Share your advanced PureBasic knowledge/code with the community.
linkerstorm
User
User
Posts: 47
Joined: Sun Feb 18, 2007 11:57 am

Re: High speed split string

Post by linkerstorm »

Hi.

Another less "ASMish" split and fast enough to general purpose, using the good old C library, hopefully shipped with PB.

The presented version here is Unicode. You can use "strstr" for Ascii if needed (plus some little changes to the code).

The function returns the array length.

Code: Select all

ImportC "crtdll.lib"
	wcsstr.i (*str1, *str2)
EndImport

Procedure.i Split_wcsstr(Array StringArray.s(1), StringToSplit.s, Separator.s = " ")
	
	Protected c = CountString(StringToSplit, Separator)
	
	; We have to have a string to split
	If Len(StringToSplit) = 0
		ProcedureReturn -1
	EndIf
	
	; We return back the string as is if no separator found
	If c = 0
		ReDim StringArray(0)
		StringArray(0) = StringToSplit
		ProcedureReturn ArraySize(StringArray()) + 1
	EndIf
	
	ReDim StringArray(c)

	Define *StringToSplit = @StringToSplit
	Define *pfound = wcsstr(*StringToSplit, @Separator)
	Define.i i
	
	While *pfound
		StringArray(i) = PeekS(*StringToSplit, (*pfound - *StringToSplit) / 2)
		*StringToSplit = *pfound + 2
		*pfound = wcsstr(*StringToSplit, @Separator)
		i + 1
	Wend
	
	StringArray(i) = PeekS(*StringToSplit)
	
	ProcedureReturn c + 1
	
EndProcedure
Enjoy !
AZJIO
Addict
Addict
Posts: 1315
Joined: Sun May 14, 2017 1:48 am

Re: High speed split string

Post by AZJIO »

The separator is any character from the specified set. The separator is not an entire string.

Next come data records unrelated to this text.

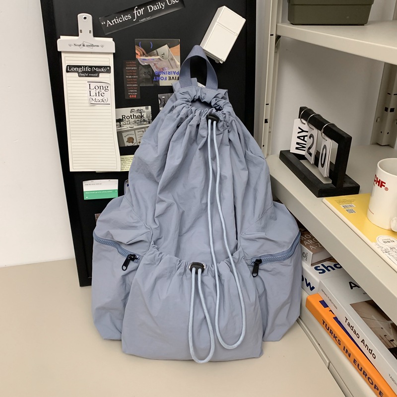 Japanese Style Casual Artistic Canvas Backpack Ins Fashionable Pleated Nylon Schoolbag Internet Celebrity Fresh Style Drawstring Backpack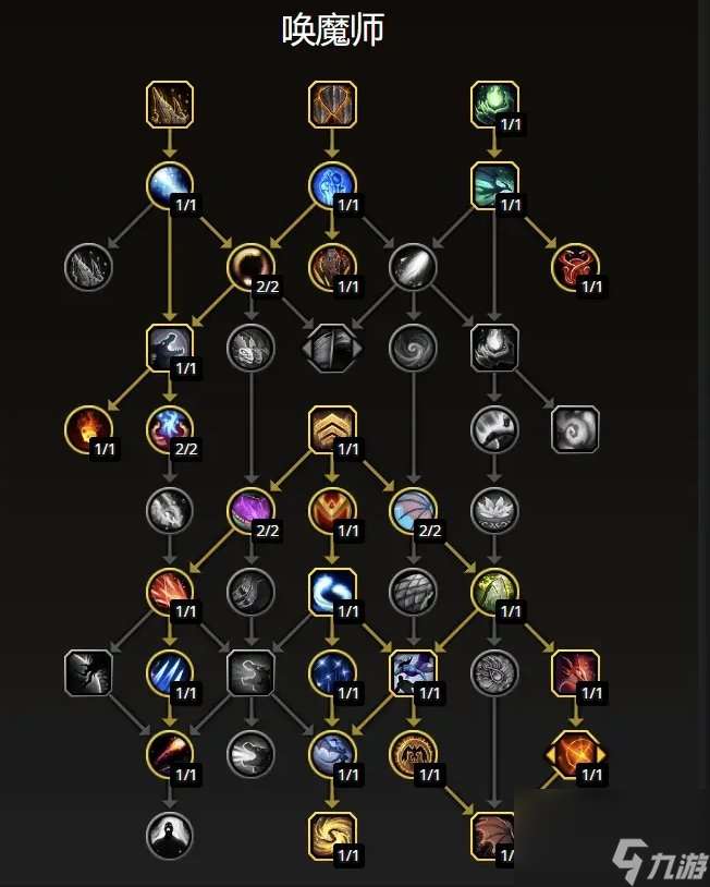 唤魔师职业天赋树路径选择:首先选择镇压和黑曜壁垒(黄),将剩余的4个所需点数花在上层部分,然后向下通往爆裂熔炉(白),开始填补天赋树的中间部分以提高生存能力和机动性(绿),在中段花费剩余的2个所需点数,然后向下通往天空霸主(蓝);唤魔师专精天赋树路径选择:首先获取关键法术黑檀之力和喷发,然后是我们的主要资源机制精华迸发,以及我们的第二个强化法术地壳激变(黄),将剩余的3个所需点花在上层部分,然后向下通往构造位点和巨龙协调(白),通过选择守护巨龙的青睐、熔火血脉和支持山崩眩晕组合的天赋来填充中间部分(这些天赋相当灵活)(绿),朝着丝缕交织和动量转换的底层部分路径选择(蓝),下来的3个点选择引火冲动、激荡附岩和狱火祝福(紫)。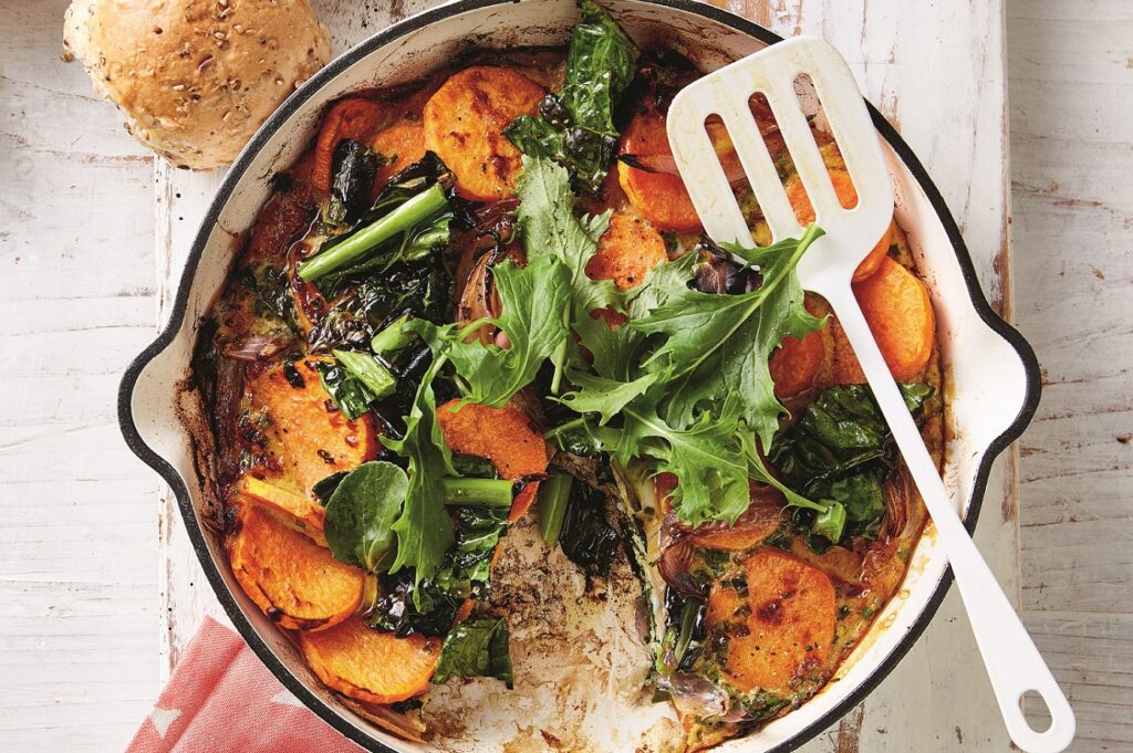 3 Heat oil in a 26cm non-stick frying pan over medium-high heat. Add onion and kale and sauté for 2 minutes or until slightly softened. Add sweet potato, then cook for 4 minutes, stirring gently. Add eggs and gently tilt pan to allow egg mixture to spread evenly. Cook for 3-4 minutes, without stirring, or until egg is almost set. Remove pan from heat.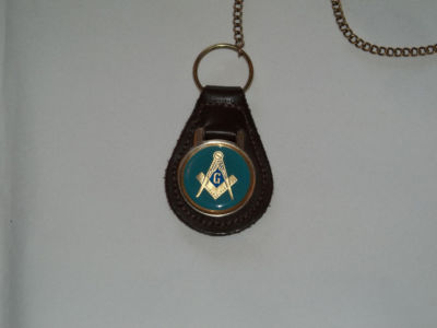 Vintage Masonic Leather Keychain Metal Insert Masons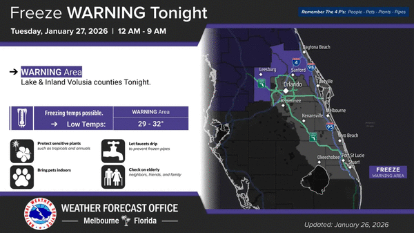 ORLANDO, Fla. — The National Weather Service in Melbourne has issued a freeze warning for parts of Central Florida for overnight into Tuesday morning with forecast temperatures expected to fall into the lower 30s.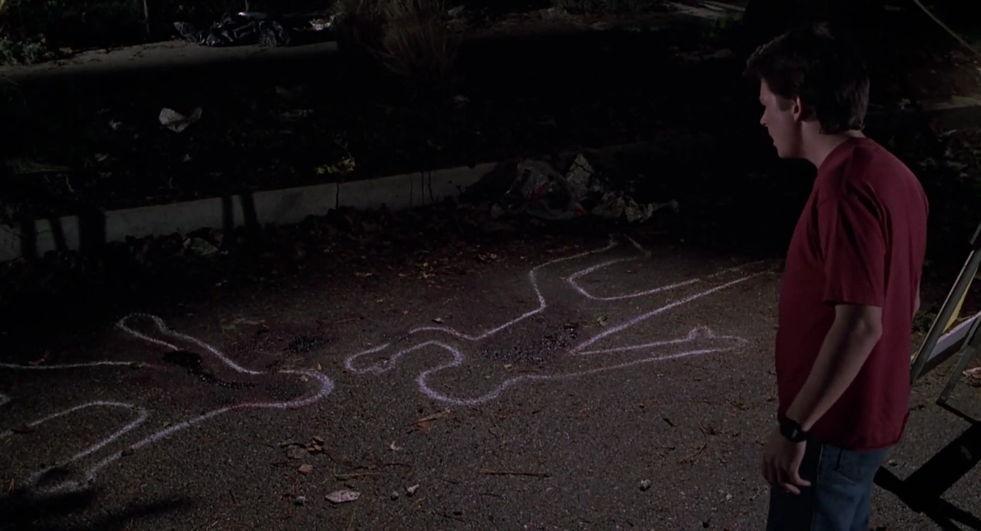 Marty spots the chalk outlines of two victims of a drive-by shooting in 1985A.

If the separator is repeated in the line under study, then it is considered as a single separator, that is, empty elements are not added.

Code: Select all

EnableExplicit

Procedure SplitL2(String$, List StringList.s(), Separator$ = #CRLF$ + #TAB$ + #FF$ + #VT$ + " ")
	Protected *S.Integer = @String$
	Protected Len1, Len2, Blen, i, j
	Protected *memChar, *c.Character, *jc.Character
	
	Len1 = Len(Separator$)
	Len2 = Len(String$)
	
	ClearList(StringList())
	
	*c.Character = @String$
	*memChar = @Separator$
	
	For i = 1 To Len2
		*jc.Character = *memChar
		
		For j = 1 To Len1
			If *c\c = *jc\c
				*c\c = 0
				If *S <> *c
					AddElement(StringList())
					StringList() = PeekS(*S)
				EndIf
				*S = *c + SizeOf(Character)
				Break
			EndIf
			*jc + SizeOf(Character)
		Next
		
		*c + SizeOf(Character)
	Next
	AddElement(StringList())
	StringList() = PeekS(*S)
EndProcedure


Define S.s = "This is	a test	   	 	 	 	 	string	   	 	 	 	 	to	   	 	 	 	 	see	   	 	 	 	 	if	split and	join are	working."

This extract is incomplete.